Lo consigo cuando veo a un par de chiquillas riendo a carcajadas, cuando las veo besarse después de que la risa ya no tiene ningún sentido. Ambas parecen ser adolescentes, llenas de vida, sin miedo a que alguien puediera juzgarlas, sin miedo a que alguien pudiera quebrar sus ganas de amar.

Ahí estaba yo, de su mano, besando su boca en medio del parque, refugiándonos entre abetos y lo único que me dejaba mirarlo, que me dejaba observar cada movimiento de su cuerpo era la luz de la luna.

El teléfono celular con botones de goma que una de mis sobrinas me ha regalado en mi último cumpleaños, (cosa que le pedí en lugar de uno caro) suena y respondo tan rápido como puedo, pues su nombre en la pantalla es un accionador, el cual hace de mí una máquina automática.

—Hola —le saludo a través del teléfono.

—Hola, ¿ya vienes?

—Adivina donde estoy.

—Teniendo en cuenta el día, creo que estás en ese parque, como cada año.

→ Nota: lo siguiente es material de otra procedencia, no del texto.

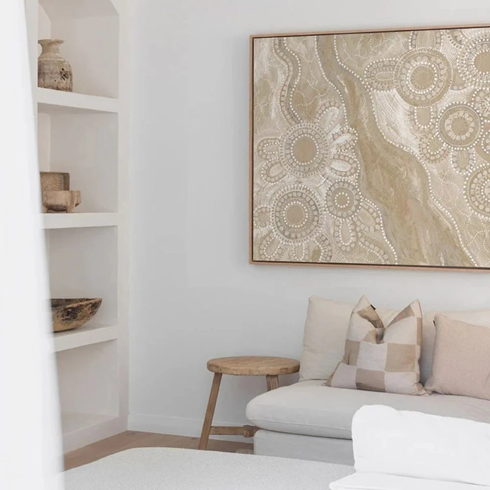 From beautiful neutral Aboriginal art celebrating the natural tones of Australian landscapes to modern pieces perfect for neutral home decor and living room ideas, we offer an exceptional range to suit any vision. Create living room ideas with neutral colours that feel both warm and sophisticated, with neutral colour living room touches and warm neutral home decor that never goes out of style.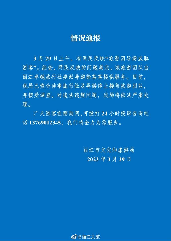 据云南丽江市文化和旅游局官方微博消息,丽江市文化和旅游局29日发布通报,3月29日上午,有网民反映 旅游团导游威胁游客 。经查,网民反映的问题属实,该旅游团队由丽江卓越旅行社委派导游徐某某提供服务。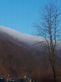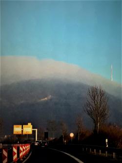 Nebelwand auf Bergkuppe. |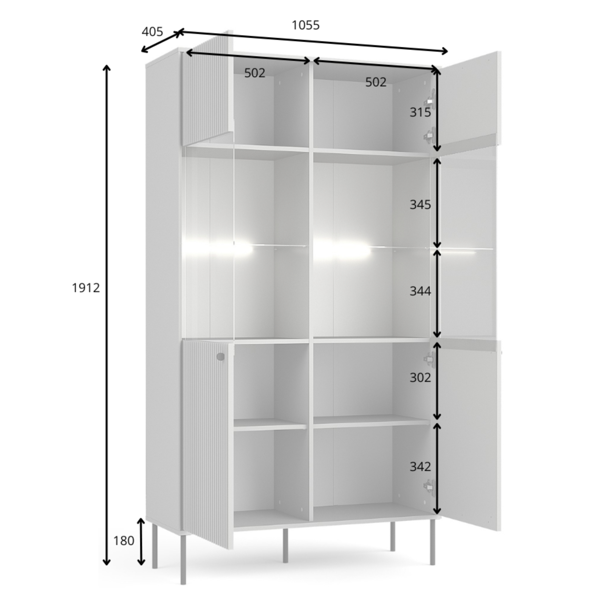Jej súčasťou je 8 vložených políc umiestnených za dvierkami. Na police, ktoré sa nachádzajú za presklenou časťou dvierok, môžete vystaviť svoje obľúbené dekorácie alebo najzaujímavejšie predmety z vašej zbierky. K vitríne je možné dokúpiť aj osvetlenie.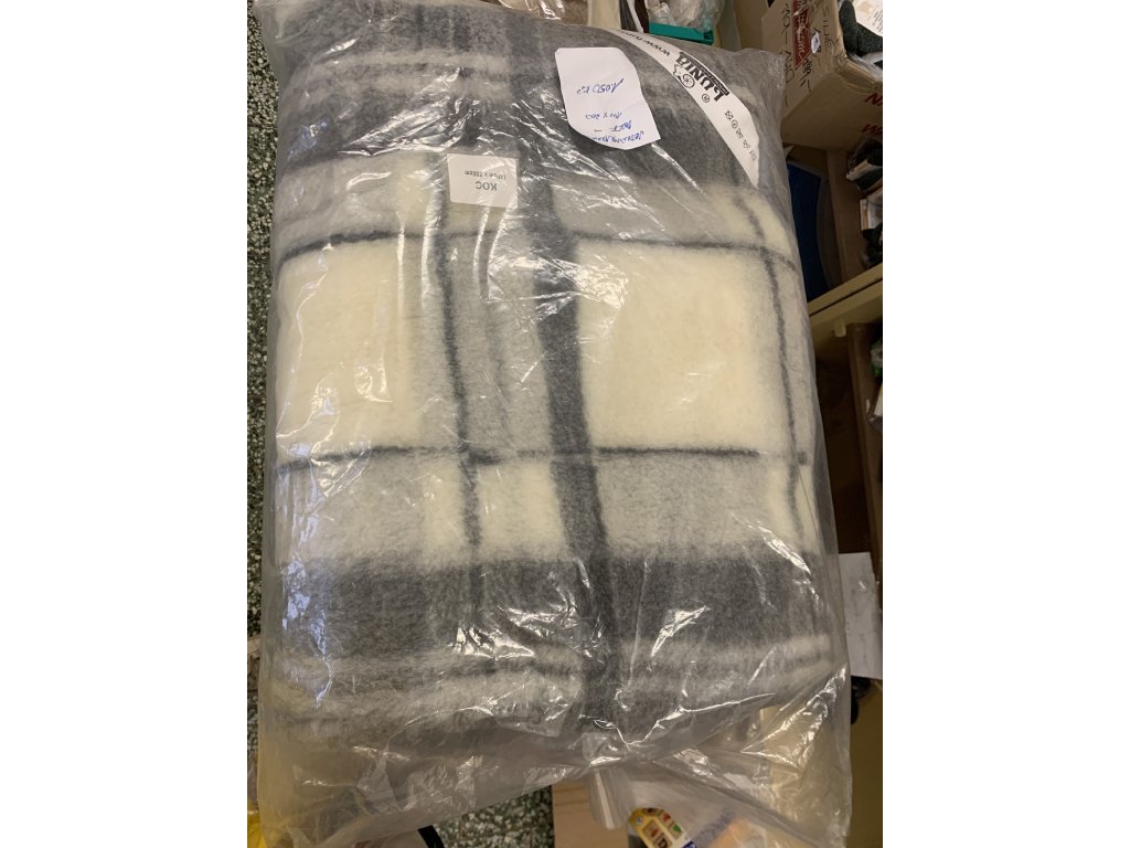 Deka je z jedné strany v přírodním smetanovém odstínu a z druhé strany s potiskem šedo-béžové káro, zakončená je elegantní lemovkou. Velikost deky je 140 x 200 cm. Značka Lunia.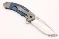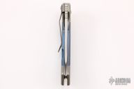 This Pro Series Lahar framelock flipper by Tim Galyean features a hand-ground satin finish blade and a milled and anodized titanium frame. Bead blast titanium tip down clip. Notched thumbrest. Includes IKBS (Ikoma-Korth Bearing System) for smooth and fast flipper opening that requires no wrist action. Perfect blade seating, detent, and lockup. Excellent work. Numbered 043 on back of blade. Excellent condition. Comes with a velcro case.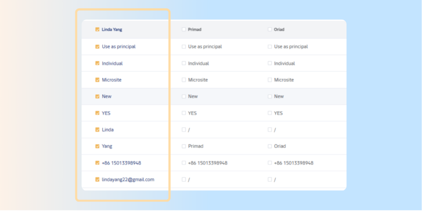 2. Compare records side by side and select the most accurate details to create a complete principal record.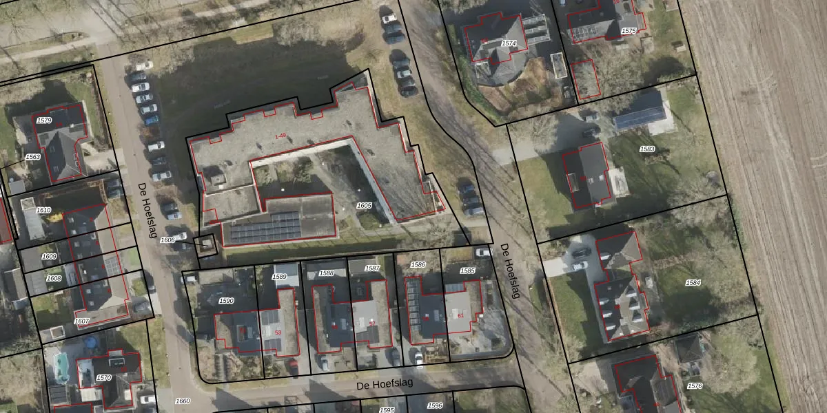 Het perceel waarop De Hoefslag 33 staat heeft een oppervlakte van 2115 m². Dit is een zeer groot perceel. De perceeloppervlakte wordt geregistreerd door het Kadaster. Gedetailleerde informatie over de maten van dit perceel kunt u vinden in het rapport Kadastrale kaart met maatvoering van De Hoefslag 33.
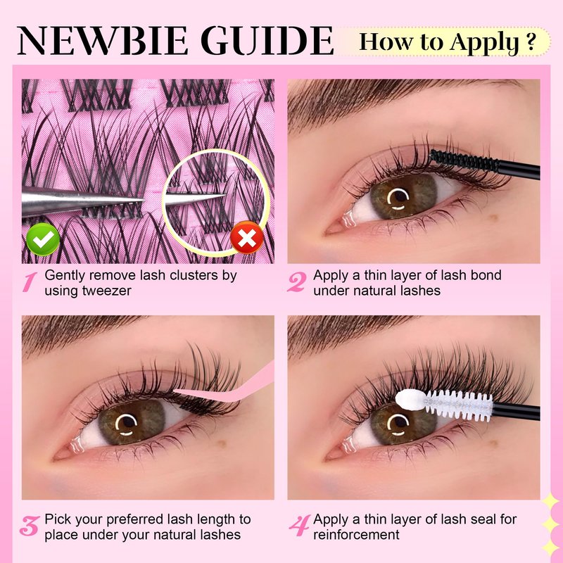 - Lash Bond and Seal & Precision Tweezers: The kit includes a 2IN1 lash bond and seal glue for a strong, long-lasting hold. High-precision tweezers help place individual lash clusters easily and accurately. Following our user guide, you friends can wear the cluster lashes kit very easily
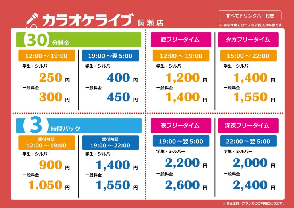 基本の30分料金だけでなく、3時間パック、4種類のフリータイムなどがございます。すべてドリンクバー付き、表記は安心の税込料金です。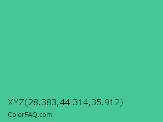 XYZ 28.383,44.314,35.912 Color is a normal green color and the nearest color is Ocean Green #48bf91. Hex code #45c796 and RGB value is rgb(69,199,150). In RGB color space, this color is composed of 27% red, 78% green, 59% blue, In CMYK color space, this color is composed of 65% cyan, 0% magenta, 25% yellow , 22% black , In HSL color space, this color has a hue angle of 157° , 54% saturation and 53% lightness.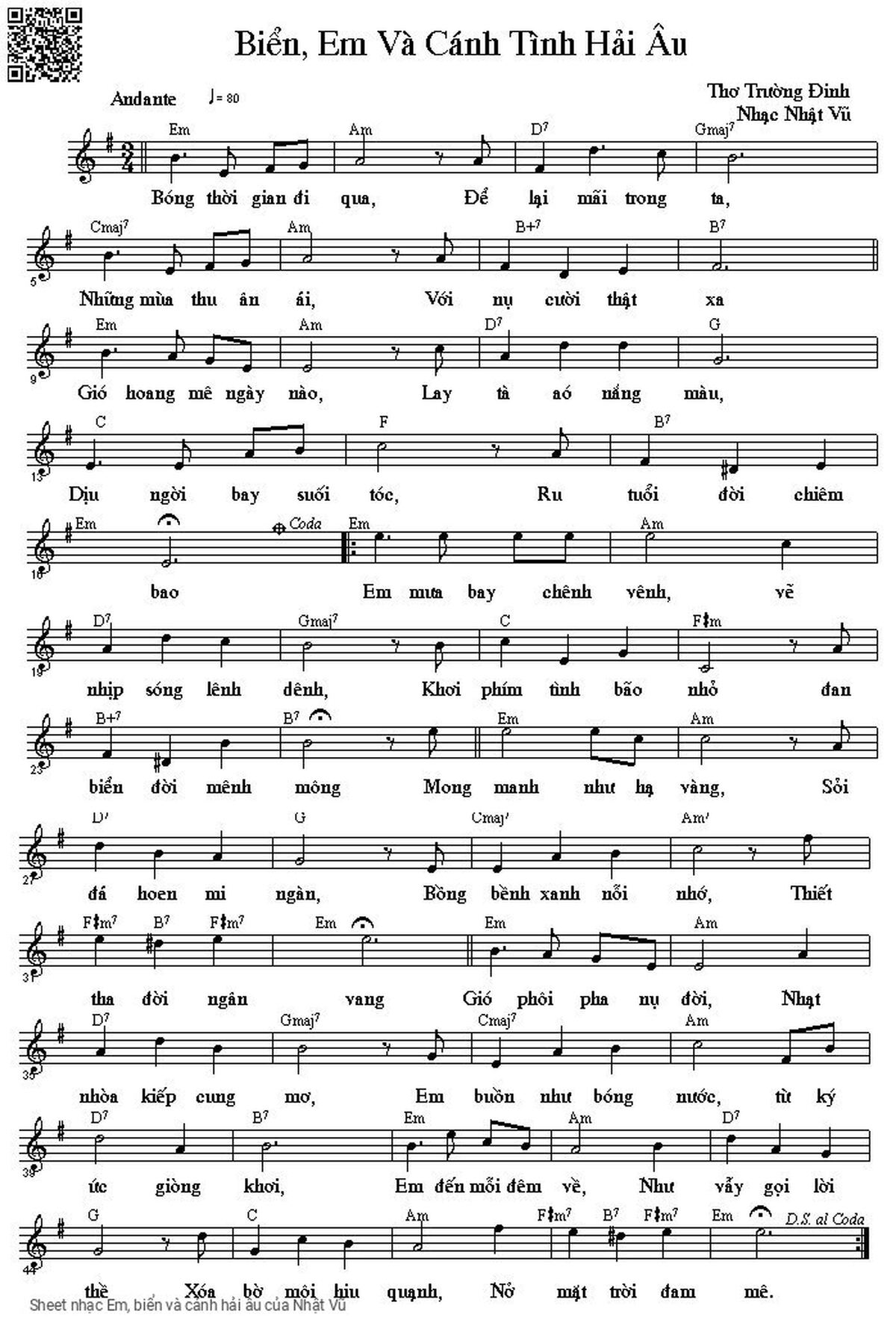 Phần nghe hát Em, biển và cánh hải âu (Nhật Vũ) được nhúng từ Youtube, Musescore hoặc link ngoài và chịu sự kiểm soát bản quyền của bên thứ ba đó, vì vậy có thể bị xóa hoặc chèn quảng cáo bất kỳ lúc nào. Nếu bạn không nghe - xem được ca sĩ hát tức là đã bị Youtube hoặc Musescore kiểm soát.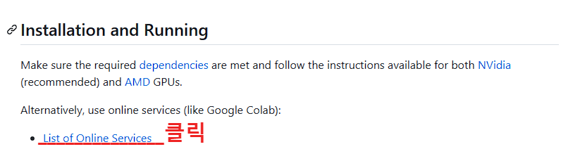 List of Online Services를 클릭하면 다음과 같은 화면이 나옵니다. 'Google Colab' 을 찾으시고 첫 번째 줄에 있는 'maintained by TheLastBen' 링크를 클릭하세요.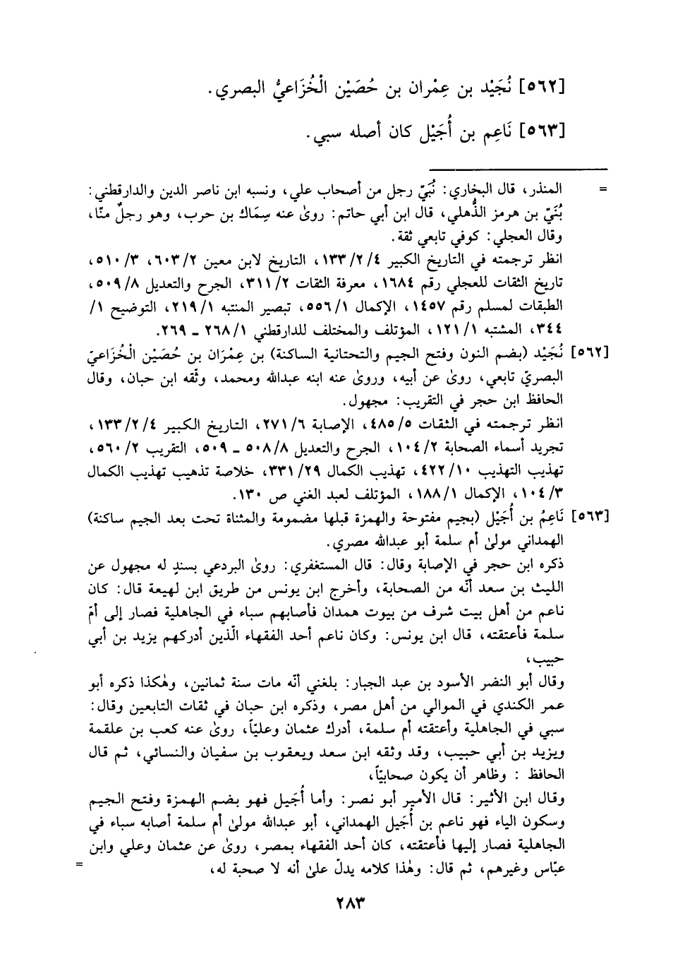 562- نجيد بن عمران بن حصين الخزاعي البصري.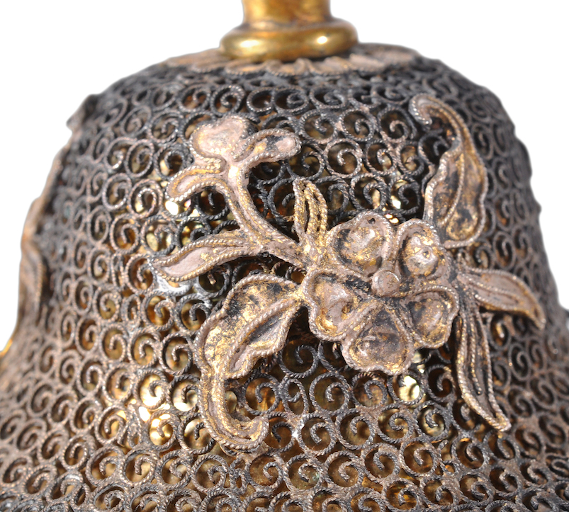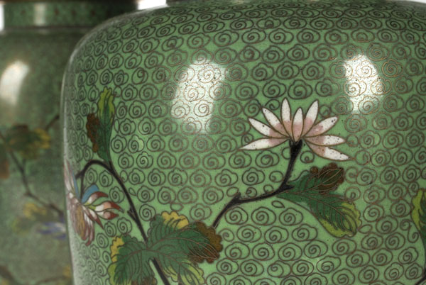 The background silver wire work is an interesting fusion of what is considered traditional silver filigree work of Jewish silversmiths and the equally traditional Chinese swirling cloud motif yún – an auspicious decorative motif that dates from the Han Dynasty representing both the heavens and linguistic twin brother “good fortune” yùn. Chinese decorative culture has an inherent dislike of blank space and it for this reason Chinese Imperial robes would be encrusted with the swirling cloud motif. We can see the similarity between the filigree cloud treatment and this detail from a Chinese porcelain ginger jar.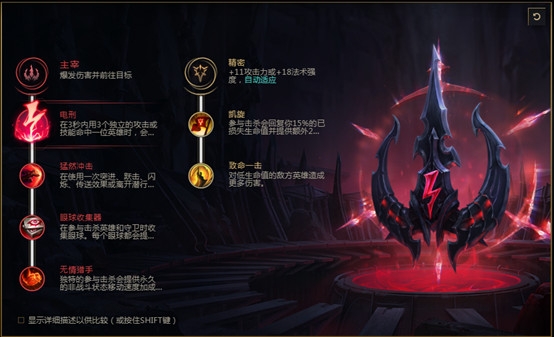 1.电刑:三秒内用三个独立的攻击或技能命中地方,会造成额外的自适应伤害。电刑在前期可以说是伤害最高的符文,对于前期时优势最为突出的卡特琳娜来说非常适合。

—Sí, bien jugado. ¿Recuerdas el pequeño árbol que crecía junto a la banca, donde fumamos el cigarrillo de marihuana?

—Sí, casi nos atrapa la policía.

—No nos habrían tomado en cuenta si no te hubieras puesto tan nervioso. Bueno, el punto es que ese árbol parece tan viejo como nosotros juntos.

—Ya lo creo. Apuesto que las iniciales están en lo más alto.

—Tal vez. Oye...

—Dime.

—¿Qué hay de cenar?

—No te lo diré, es una sopresa. ¿Ya vienes?

—Sí, solo tomo el autobús y llegaré en diez minutos.

—Perfecto, compré el vino que tanto te gusta.

—Yo también compré algo. Ya no puedo esperar a ver tu rostro. Voy para allá.

—Aquí te veo.

Luego de hacer un beso ruidoso a la bocina del celular, finalizo la llamada y tomo el autobús que pasa junto a mí.